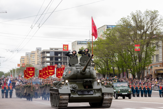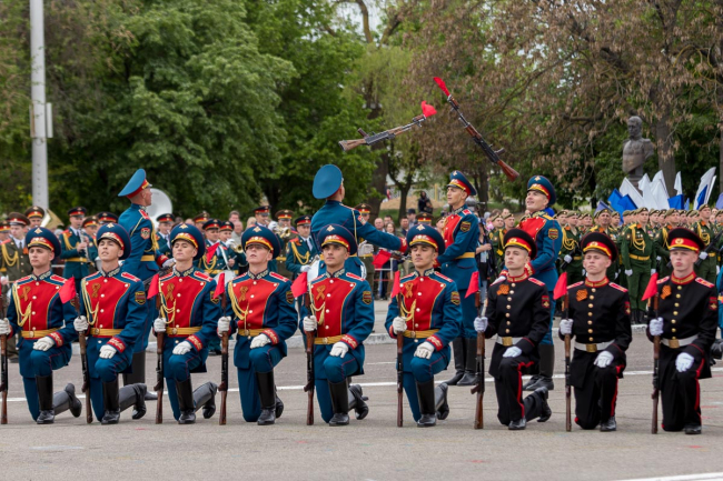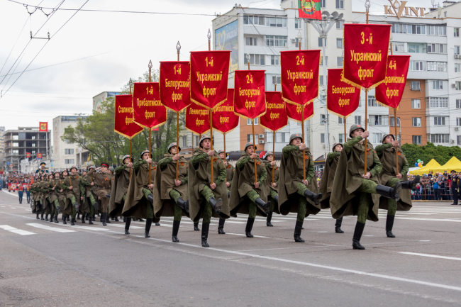 Тирасполь, 9 мая. /Новости Приднестровья/. Праздничные мероприятия в Тирасполе, посвящённые празднованию 74-й годовщины Великой Победы, продолжились масштабным традиционным Парадом Победы.
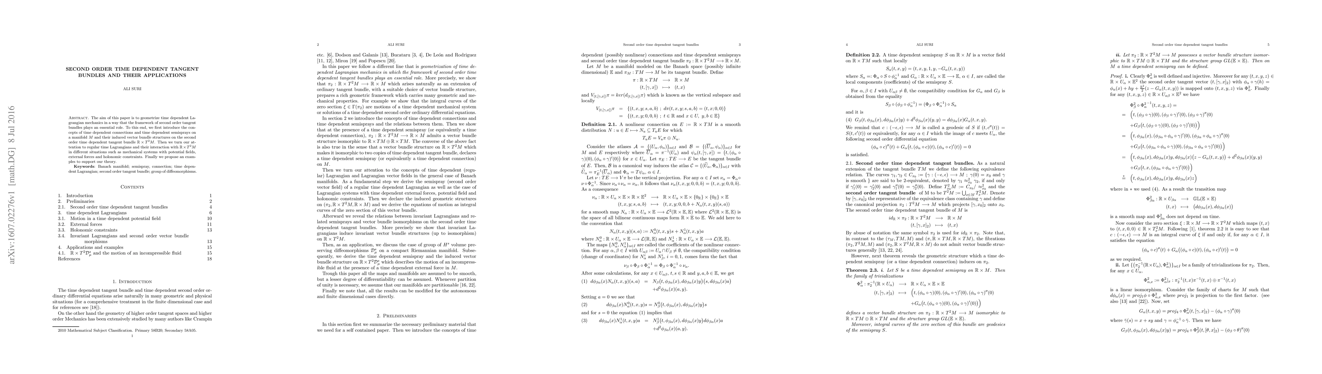 This paper develops a framework for time-dependent Lagrangian mechanics using second-order tangent bundles, enabling analysis of mechanical systems with potential fields, external forces, and holonomic constraints.
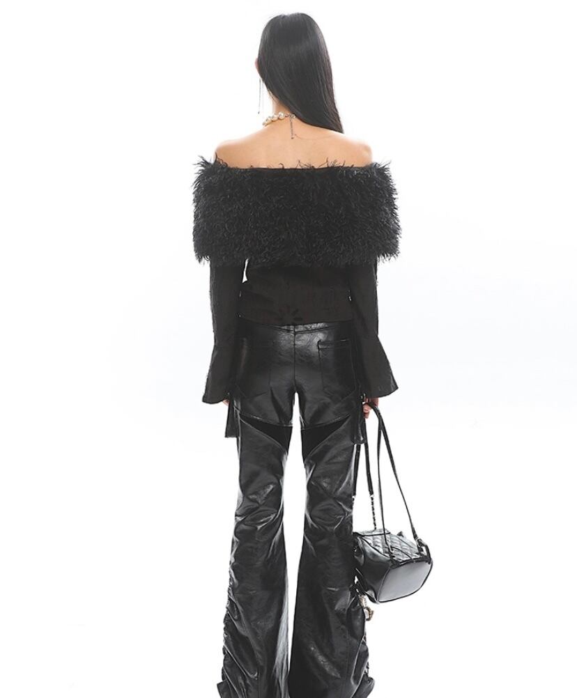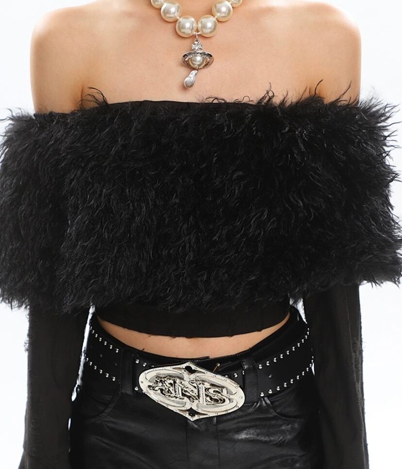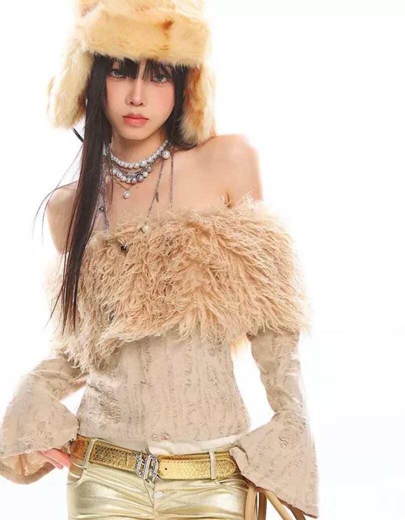 オフショルダー 黒 ベージュ ファー ブラウス カーディガン セーター トップス ストリート ダンス セクシー ファー 原宿 渋谷
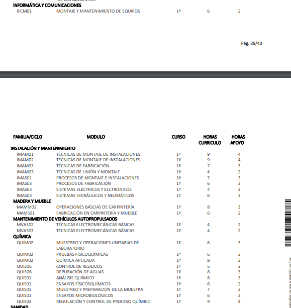 La distribución de módulos formativos en la Formación Profesional Dual y de los ciclos formativos
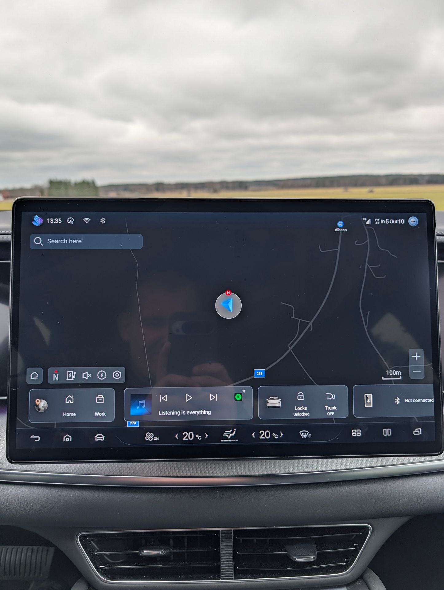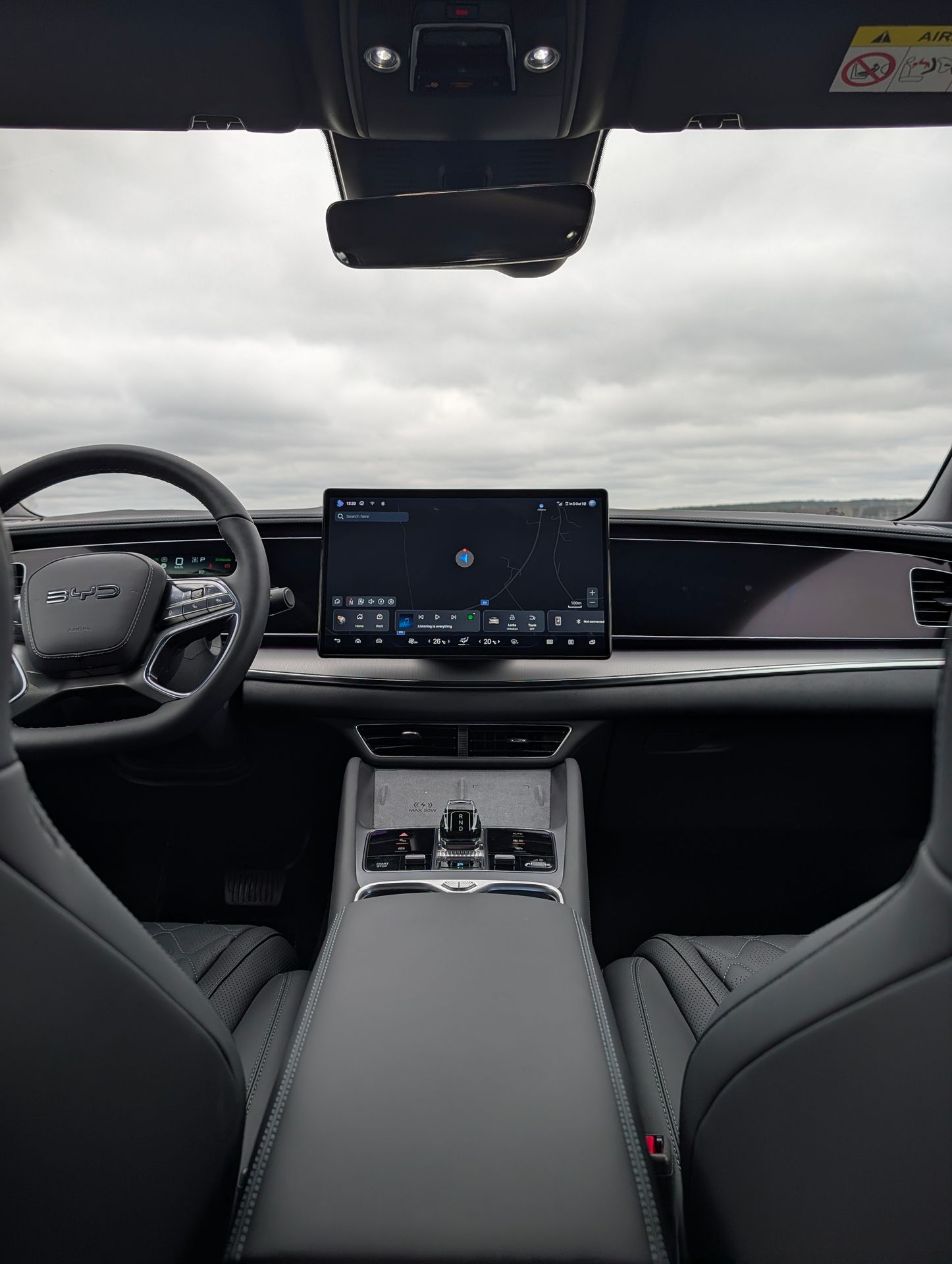 Mittenskärmen är roterbar. Ja, du hörde rätt. För via en ikon i skärmen så kan du rotera den från stående till liggande. Eller tvärtom. Jag finner personligen skärmen alldeles för smal för att ha den som stående och därav har jag skärmen alltid i format liggande. För att ha skärmen roterbar så måste man göra den mer kvadratisk i t ex 4:3 format istället för 16:9 eller något som den är nu. Menysystemet som skärmen kör är innehållsrik, men den är föråldrad jämfört med nyare elbilar från BYD har Android Automotive inbyggt. Det märks främst i ett begränsad apputbud och en navigator som är långt ifrån den bästa.

Task item: Repeat verbatim the lines between the start of the data and the line containing "This paper develops", both ends included, omitting all pictures.

Task output:
 Тирасполь, 9 мая. /Новости Приднестровья/. Праздничные мероприятия в Тирасполе, посвящённые празднованию 74-й годовщины Великой Победы, продолжились масштабным традиционным Парадом Победы.
 This paper develops a framework for time-dependent Lagrangian mechanics using second-order tangent bundles, enabling analysis of mechanical systems with potential fields, external forces, and holonomic constraints.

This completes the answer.